You reported the bug.

http://bugs.exim.org/show_bug.cgi?id=867




--- Comment #3 from Philip Hazel <ph10@???> 2009-07-28 20:29:30
---
On Tue, 28 Jul 2009, Mart Goodall wrote:

> I kept the compile as close to my production as possible. I have the same
> failure - see screen output below:-
>
> PCRE version @PCRE_MAJOR@.@PCRE_MINOR@@PCRE_PRERELEASE@ @PCRE_DATE@


...Something strange there ... why isn't it giving the real version
number? I see from the original report that you are using Windows. How
did you do the build?

> re> "[^\w\s. |-]"
> data> Maureen Hubbard
> 0: M
>
>
> PCRE version @PCRE_MAJOR@.@PCRE_MINOR@@PCRE_PRERELEASE@ @PCRE_DATE@
> Compiled with
> UTF-8 support
> Unicode properties support
> Newline sequence is LF
> \R matches all Unicode newlines
> Internal link size = 2
> POSIX malloc threshold = 10
> Default match limit = 10000000
> Default recursion depth limit = 10000000
> Match recursion uses stack
>
>
> Hope this helps


Not a lot, I'm afraid. On my Gentoo Linux box with exactly the same
compile time options, it works fine. So it's something to do with your
Windows version - I do not run Windows, so there is no way I can test
for myself.

I have three suggestions: (1) Try using autocallout to see what is going
on.
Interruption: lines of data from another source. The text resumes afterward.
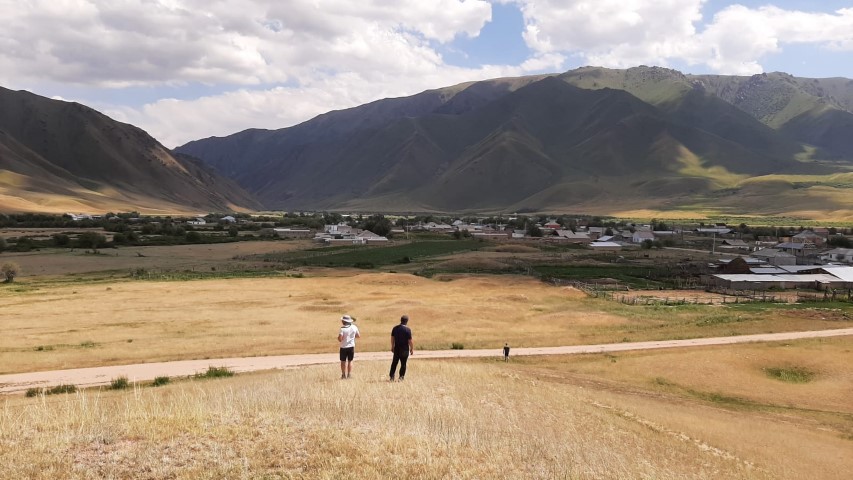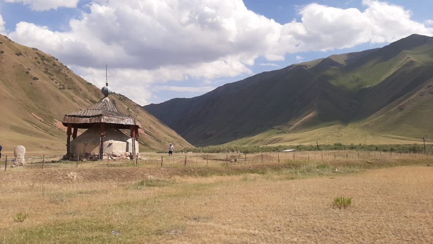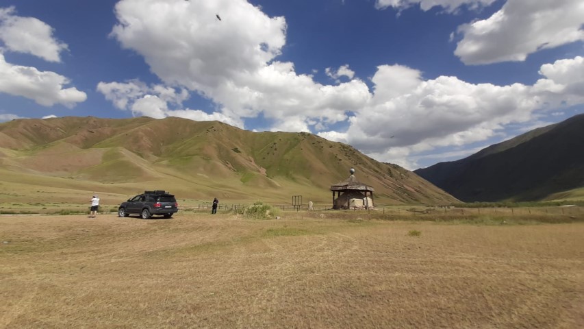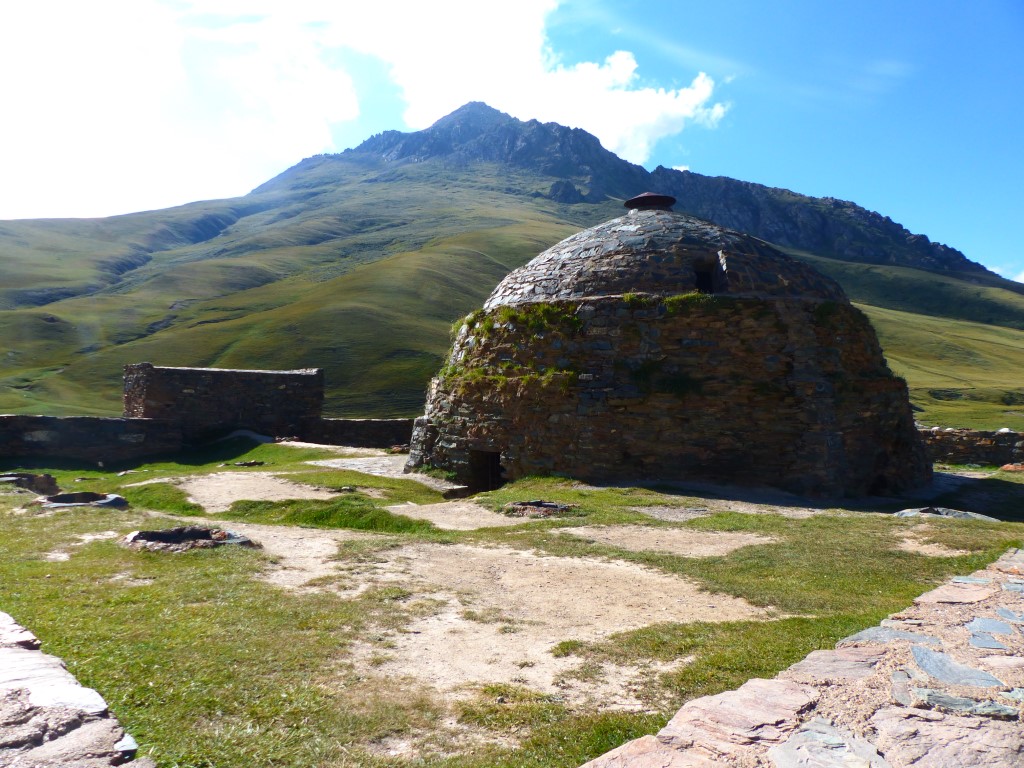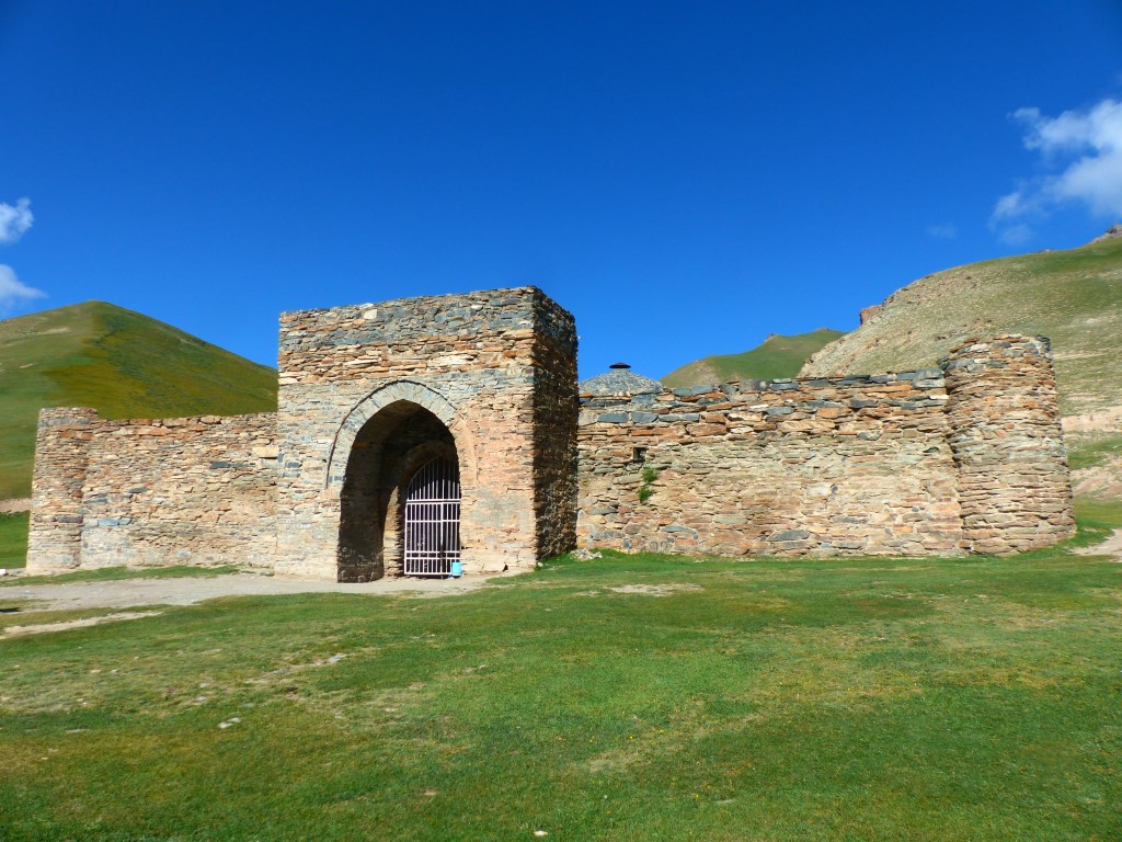 Il a quand même assez d’énergie pour demander à bénéficier d’une visite du caravansérail (qu’il a loupé avant hier soir pour cause d’épuisement total…), ce qui oblige Oulan à aller sortit de son lit (ou presque) la dame qui tient la billetterie d’entrée. La visite se fait rapidement, puis on prend la route pour une longue journée qui devait nous conduire jusqu’au lac Kol Suu après une rando de 4H (à 3515 m d’altitude), mais qui finalement nous amènera avec 1 jour d’avance à la ville de Naryn (2300 m). En effet devant l’état général des troupes, on s’est dit qu’une nouvelle nuit sous yourte, en altitude, avec rando, n’était pas la meilleure idée pour nous remettre d’aplomb. Oulan a gentiment accepté ce changement de programme et a géré le changement d’hébergement.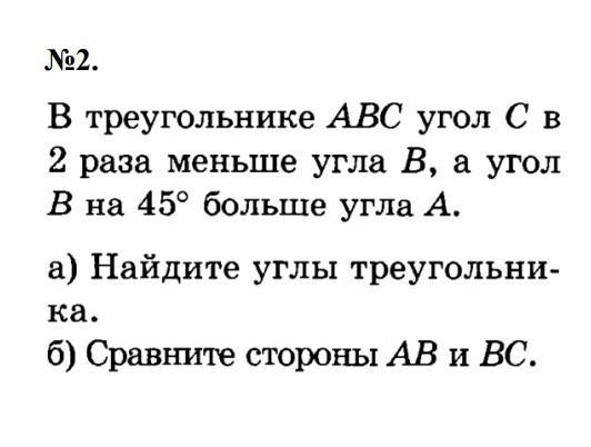 угол В= 45°*2=90° угол А=90°-45°=45° б)угол А=углу В,значит,треугольник АВС-равнобедренный, а следовательно, стороны АВ и ВС равны
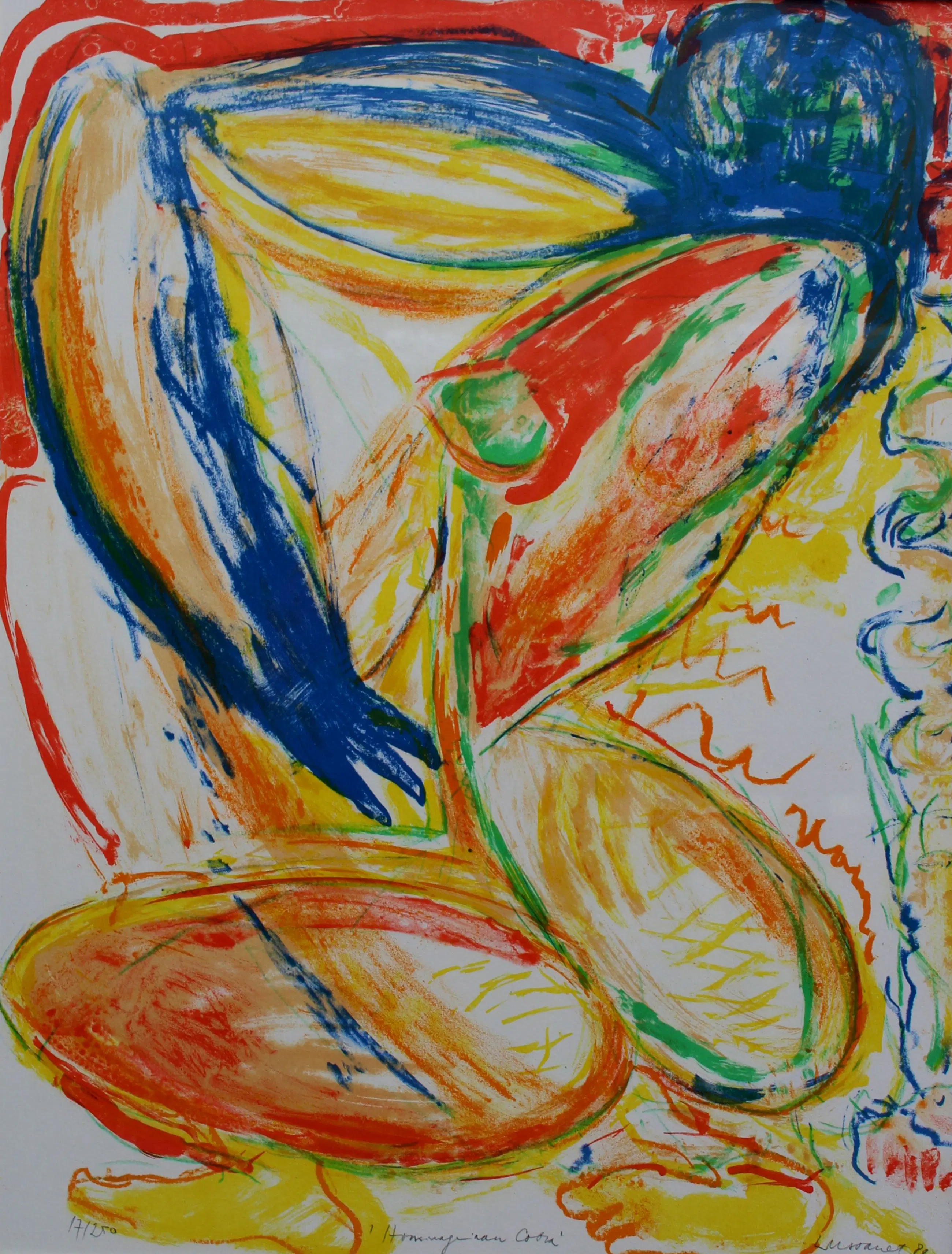 Paul de Lussanet - Ingelijste zeefdruk: 'Hommage aan Cobra' - 1989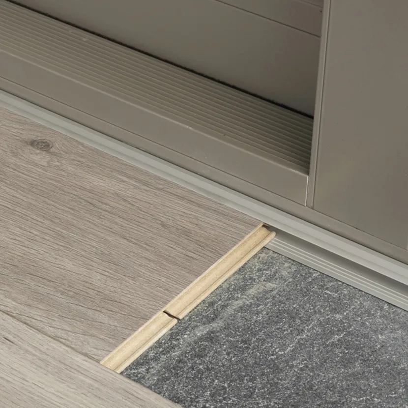 Теперь выпускают окантовочный профиль для разных отделочных материалов. Разница — в наличии или отсутствии компенсаторного зазора, который необходим для обустройства плавающих полов. Деталь монтируют при укладке последнего ряда облицовки, накрывают декоративной планкой.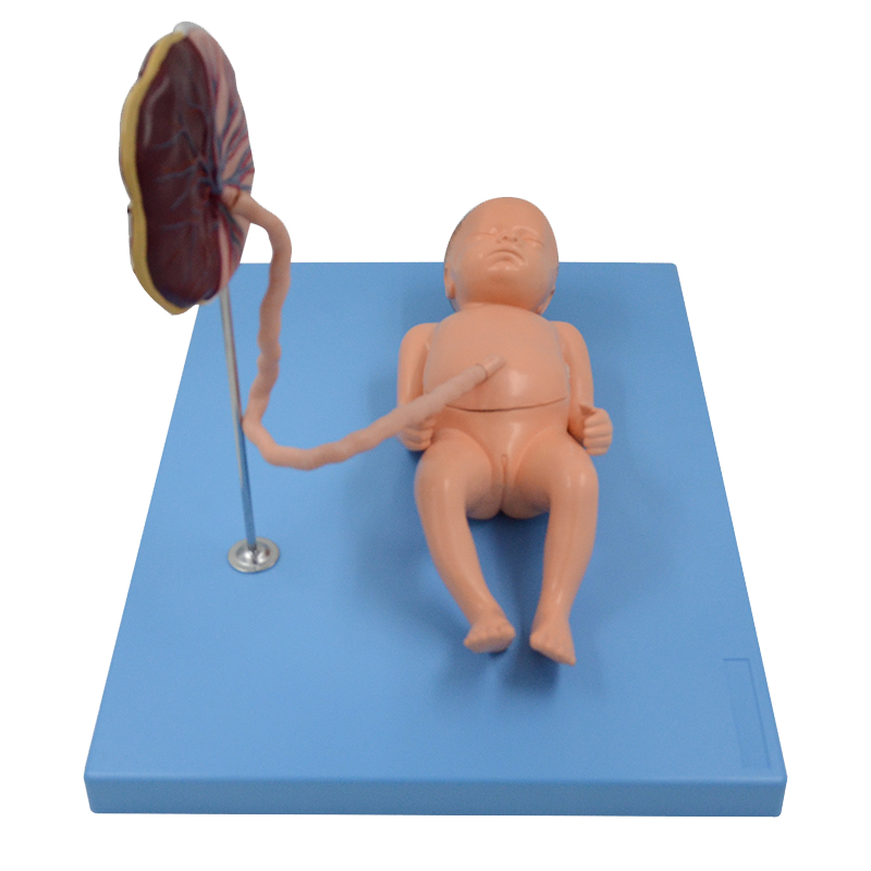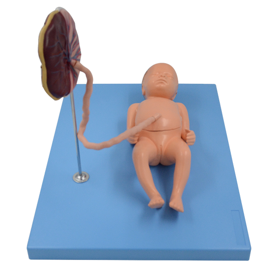 This model shows a term fetus with placenta, umbilical cord and internal organs.

This is what I get when I run pcretest (note the "C" option after
the pattern):

PCRE version 7.9 2009-04-11

re> "[^\w\s. |-]"C
data> Maureen Hubbard

--->Maureen Hubbard
 +0 ^                   [^\w\s. |-]
 +0  ^                  [^\w\s. |-]
 +0   ^                 [^\w\s. |-]
 +0    ^                [^\w\s. |-]
 +0     ^               [^\w\s. |-]
 +0      ^              [^\w\s. |-]
 +0       ^             [^\w\s. |-]
 +0        ^            [^\w\s. |-]
 +0         ^           [^\w\s. |-]
 +0          ^          [^\w\s. |-]
 +0           ^         [^\w\s. |-]
 +0            ^        [^\w\s. |-]
 +0             ^       [^\w\s. |-]
 +0              ^      [^\w\s. |-]
 +0               ^     [^\w\s. |-]
 +0                ^    [^\w\s. |-]
No match

data>



same test gives
PCRE version @PCRE_MAJOR@.@PCRE_MINOR@@PCRE_PRERELEASE@ @PCRE_DATE@

re> "[^\w\s. |-]"C
data> Maureen Hubbard

--->Maureen\x20Hubbard
 +0 ^                      [^\w\s. |-]
+11 ^^
 0: M



This shows that it is testing every character, and they all fail.
Another option you can use is "D" to show the compiled code:

PCRE version 7.9 2009-04-11

re> "[^\w\s. |-]"D

------------------------------------------------------------------
  0  36 Bra
  3     [\x00-\x08\x0b\x0e-\x1f!-,/:-@[-^`{}-\xff] (neg)
 36  36 Ket
 39     End
------------------------------------------------------------------
Capturing subpattern count = 0
No options
No first char
No need char

data>



PCRE version @PCRE_MAJOR@.@PCRE_MINOR@@PCRE_PRERELEASE@ @PCRE_DATE@

re> "[^\w\s. |-]"D

------------------------------------------------------------------
  0  36 Bra
  3     [\x00-\x1f\x21-\x2c\x2f-rt-vx-{}-\xff] (neg)
 36  36 Ket
 39     End
------------------------------------------------------------------
Capturing subpattern count = 0
No options
No first char
No need char


If your output is the same as mine, things are really weird...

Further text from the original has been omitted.